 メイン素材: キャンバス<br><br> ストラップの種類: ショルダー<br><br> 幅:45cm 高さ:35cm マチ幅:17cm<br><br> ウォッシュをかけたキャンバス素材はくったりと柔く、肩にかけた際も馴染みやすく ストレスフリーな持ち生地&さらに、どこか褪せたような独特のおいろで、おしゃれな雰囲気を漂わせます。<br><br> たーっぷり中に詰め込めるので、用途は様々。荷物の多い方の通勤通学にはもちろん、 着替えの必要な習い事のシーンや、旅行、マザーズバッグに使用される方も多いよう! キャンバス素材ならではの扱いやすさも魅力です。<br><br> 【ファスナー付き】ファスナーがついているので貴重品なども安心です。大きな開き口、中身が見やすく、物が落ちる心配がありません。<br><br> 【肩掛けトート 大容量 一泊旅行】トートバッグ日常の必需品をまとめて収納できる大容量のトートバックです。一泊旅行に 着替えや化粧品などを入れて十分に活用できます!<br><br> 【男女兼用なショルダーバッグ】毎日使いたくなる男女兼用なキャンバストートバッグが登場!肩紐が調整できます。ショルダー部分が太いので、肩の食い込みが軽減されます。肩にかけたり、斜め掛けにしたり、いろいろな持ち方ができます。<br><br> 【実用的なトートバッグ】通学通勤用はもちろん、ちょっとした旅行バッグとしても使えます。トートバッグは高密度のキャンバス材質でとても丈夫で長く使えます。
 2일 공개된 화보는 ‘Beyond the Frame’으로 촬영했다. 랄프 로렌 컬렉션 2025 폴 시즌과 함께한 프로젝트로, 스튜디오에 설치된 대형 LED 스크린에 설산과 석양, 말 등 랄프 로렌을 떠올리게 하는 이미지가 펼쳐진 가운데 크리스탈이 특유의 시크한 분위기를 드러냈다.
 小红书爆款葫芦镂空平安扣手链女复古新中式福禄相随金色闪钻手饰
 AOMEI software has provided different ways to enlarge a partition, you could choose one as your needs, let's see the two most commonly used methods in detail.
*-*-*
• **PROBLEM**
Nothing may be left out. Copy each line of the listing exactly.

• **YOUR RESPONSE**
 メイン素材: キャンバス<br><br> ストラップの種類: ショルダー<br><br> 幅:45cm 高さ:35cm マチ幅:17cm<br><br> ウォッシュをかけたキャンバス素材はくったりと柔く、肩にかけた際も馴染みやすく ストレスフリーな持ち生地&さらに、どこか褪せたような独特のおいろで、おしゃれな雰囲気を漂わせます。<br><br> たーっぷり中に詰め込めるので、用途は様々。荷物の多い方の通勤通学にはもちろん、 着替えの必要な習い事のシーンや、旅行、マザーズバッグに使用される方も多いよう! キャンバス素材ならではの扱いやすさも魅力です。<br><br> 【ファスナー付き】ファスナーがついているので貴重品なども安心です。大きな開き口、中身が見やすく、物が落ちる心配がありません。<br><br> 【肩掛けトート 大容量 一泊旅行】トートバッグ日常の必需品をまとめて収納できる大容量のトートバックです。一泊旅行に 着替えや化粧品などを入れて十分に活用できます!<br><br> 【男女兼用なショルダーバッグ】毎日使いたくなる男女兼用なキャンバストートバッグが登場!肩紐が調整できます。ショルダー部分が太いので、肩の食い込みが軽減されます。肩にかけたり、斜め掛けにしたり、いろいろな持ち方ができます。<br><br> 【実用的なトートバッグ】通学通勤用はもちろん、ちょっとした旅行バッグとしても使えます。トートバッグは高密度のキャンバス材質でとても丈夫で長く使えます。
 2일 공개된 화보는 ‘Beyond the Frame’으로 촬영했다. 랄프 로렌 컬렉션 2025 폴 시즌과 함께한 프로젝트로, 스튜디오에 설치된 대형 LED 스크린에 설산과 석양, 말 등 랄프 로렌을 떠올리게 하는 이미지가 펼쳐진 가운데 크리스탈이 특유의 시크한 분위기를 드러냈다.
 小红书爆款葫芦镂空平安扣手链女复古新中式福禄相随金色闪钻手饰
 AOMEI software has provided different ways to enlarge a partition, you could choose one as your needs, let's see the two most commonly used methods in detail.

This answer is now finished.